Die Auswahl umweltgerechter Energiepflanzenmischungen erfolgt für die verschiedenen Umweltzonen der EU mit Hilfe eines Einstufungverfahrens. Zuerst wird eine Palette von Energiepflanzen ausgewählt, die bereits in der EU kultiviert oder untersucht werden.

Anschließend werden sie anhand der möglichen Umweltbelastungen eingestuft, die ihr Anbau, unabhängig von der eingesetzten Technologie, in den verschiedenen Umweltzonen verursachen könnte. Eine spezifische Technologie für die Bestimmung des Potenzials wird nicht ausgewählt. Stattdessen werden die Heizwerte der verschiedenen Biomassearten genutzt.

Ein weiterer Unterschied besteht darin, dass das nicht bewirtschaftete Holzpotenzial miteinbezogen wird. Dies ist in der Analyse für Deutschland nicht der Fall.

Grundlagen

Regionale Ebene

Die Ermittlung der Bioenergiepotenziale unter Berücksichtigung der Nachhaltigkeitskriterien auf regionaler Ebene ist ein relativ junges Feld. Ein Beispiel dafür ist die Studie von [Smeets et al. 2005]. In ihr werden die Auswirkungen der Anwendung von Nachhaltigkeitskriterien auf die Produktionskosten und Bioenergiepotenziale aus angebauter Biomasse in Brasilien und der Ukraine ermittelt [Smeets et al. 2005].

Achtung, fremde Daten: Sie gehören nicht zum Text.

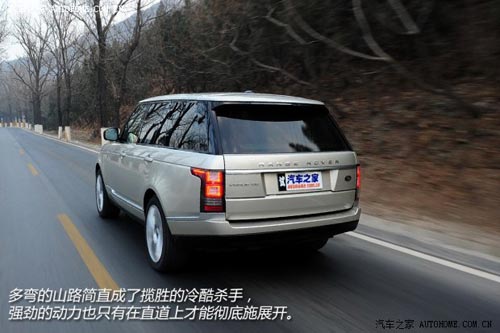 而置身于攬勝當中,整個人瞬間變得緊張了,你會感覺此時駕駛的是個龐然大物。沒錯,開攬勝就會有這樣的感覺,或許許多人覺得攬勝不可替代正是因為喜歡那種高高在上的感覺,可惜我對此卻并不感冒。多彎的山路對于攬勝來說簡直就是個噩夢,盡管懸架后段的支撐力道足夠強,但整體偏軟的調校還是會讓駕駛者手心冒汗。油門踏板略顯遲鈍的調校在這里也會嚴重破壞駕駛者的心情,因為它的節奏總是會慢上半拍,從而影響駕駛者對于出彎點的判斷。我想在這里沒人會再懷念那猶如豪華游艇般的駕乘感受,左搖右晃的后排乘客此刻的想法就更不必多說了。至于換擋撥片,我已經沒心思顧忌了,而且對于這種偏向于舒適的車型來說,換擋撥片出現與否意義并不太大。

Die Vorgehensweise dieser Arbeit lässt sich in zwei Hauptschritte unterteilen. Im ersten Schritt werden die potenziellen Flächen zum Energiepflanzenanbau ermittelt. Angewandt wird die Methodik von [Smeets et al. 2004] (siehe „Globale Ebene“, S. 35), die die Ermittlung der gesamten verfügbaren Ackerflächen im Land unter Erfüllung der Nachhaltigkeitskriterien im Bezug auf Ernährungssicherheit und Naturschutz berücksichtigt. Der Anteil der regionalen Ackerfläche an der gesamten nationalen Ackerfläche dient dann dazu, die für den Energiepflanzenanbau verfügbare regionale Ackerfläche abzuleiten. Im zweiten Schritt wird die Produktionskostenänderung bei der Umsetzung von Maßnahmen zur Erfüllung lockerer und strenger Zielvorgaben sozioökonomischer und (lokaler) Umweltschutzkriterien ermittelt.

Letztere werden aus dem von [Lewandowski und Faaij 2004] vorgeschlagenen Kriteriensatz ausgewählt. Sie beziehen sich auf Themen wie Kinderarbeit, Löhne, lokale Arbeitsplätze, Bildung, Gesundheit, Erosion, Wassernutzung, Nährstoffversickerung, Reduktion der Bodenfruchtbarkeit, Nutzung von Agrochemikalien und Biodiversitätverlust. Die Auswirkungen der Produktionskostenänderung auf das Bioenergiepotenzial werden jedoch nicht weiter untersucht.

In den in diesem Kapitel betrachteten wissenschaftlichen Arbeiten werden die Einflussfaktoren und ihre Auswirkungen auf die Bioenergiebereitstellung weit reichend untersucht. Systemdynamische Instrumente werden bisher nicht angewandt. Die Systembeziehungen in der Bioenergiebereitstellung werden zwar in spezifischen Fällen untersucht, aufgrund der hohen Komplexität werden sie jedoch als "Wenn-dann-Beziehungen" dargestellt oder bewusst übergangen.